Re: OOC: # 27
I have recently been enjoying "Assassin's Creed: Odyssey". In there, the issue of slavery in the Greek world is looked from different directions. In one instance a slave is concerned that his master is going to release him which would force him to make his own living. He asks your character to lie to his master saying he was involved in a theft so he won't be released. If you lie, the master casts him out immediately not wanting to have an untrustworthy soul under his roof.
In another case, a man who is technically a slave does more out of loyalty for his people and his country than most free men ever think of doing. His master frees him saying that he had earned it and more long ago. Yet again, without the direction of someone in charge the erstwhile slave, needs to fall back on his convictions and help from the very man to whom he was a slave to seek his own direction and ability.
One begins to examine the definition of slavery in relationship to what it means. Is legal ownership limited to slavery? We end up tied to jobs, in the old days apprenticeships were contracts that could not be exited by the signee. The difference between rights granted or taken away by law, and rights granted or taken away by ethics [or lack there of] comes down to who you can go to to help you achieve those rights or deny them to another.
Robert E Heinlein explores this in his book Citizen of the Galaxy in which his protagonist goes from Being a slave to being the owner of a galactic corporation in stages, along the way he seems to be less free in some ways than when he started.

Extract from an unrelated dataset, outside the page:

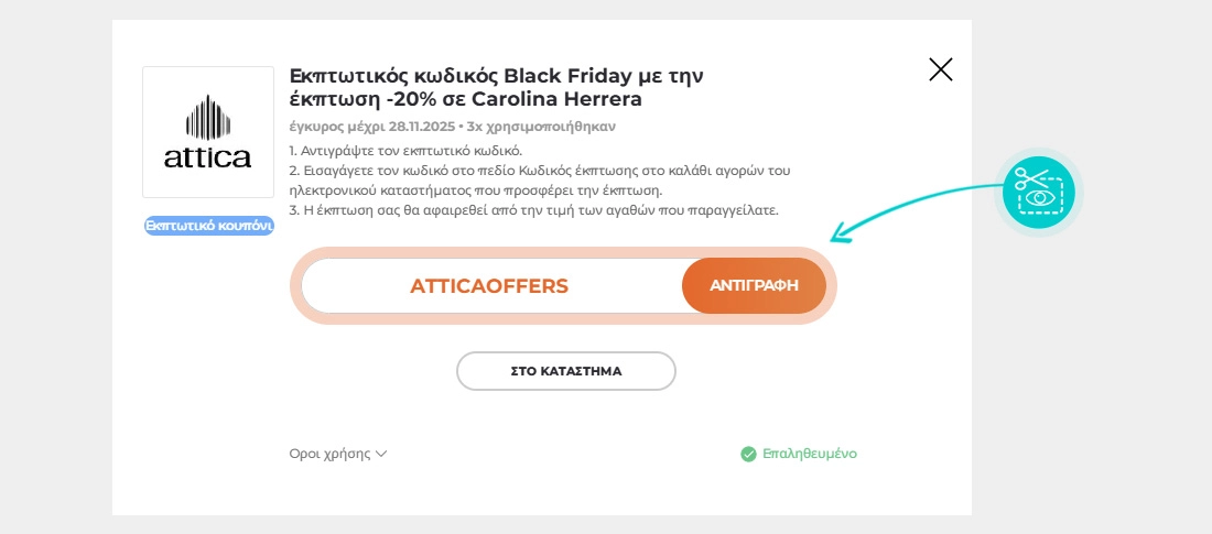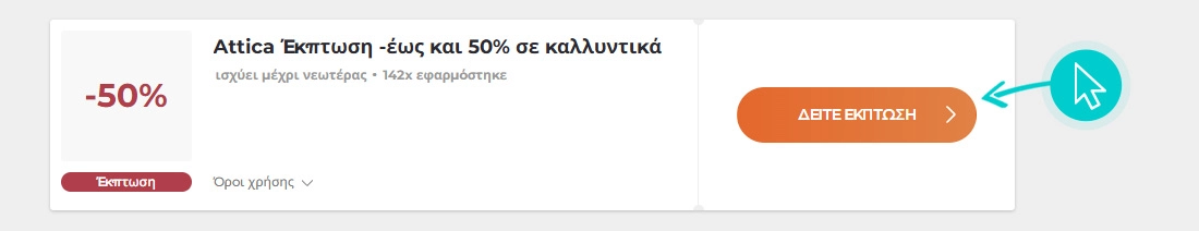 Επιλέξτε μια συγκεκριμένη έκπτωση Attica στην ιστοσελίδα μας και κάντε κλικ στο κουμπί «ΔΕΙΤΕ ΕΚΠΤΩΣΗ». Θα ανακατευθυνθείτε αυτόματα απευθείας στην προσφορά στο ηλεκτρονικό κατάστημα atticadps.gr, όπου μπορείτε να αγοράσετε το προϊόν με έκπτωση.

Even in this fictional realm, the Largans engineers on my ship, are no longer bound by the oppression that marks their jobs in the empire. My character sees them feed, sheltered, and given a purpose as well as much better materials to do the things they have always wanted to do with a ship that they still have been allowed a stake in. They are dependent on Garrat like he was their master, yet they are freer than they have ever been. Is a race is evil by nature, wouldn't it be evil to it's own citizens and fall apart? Do they then become slaves to their own nature?
It is my belief that ultimate selfishness when exorcised with intelligence and foresight would result in one utilizing ones powers to create a positive environment for those around them on order to enforce a positive and reliable environment for ones own self. Hurt creates an unsustainable sense of power that eventually collapses on its self. There is only ruin on the horizon.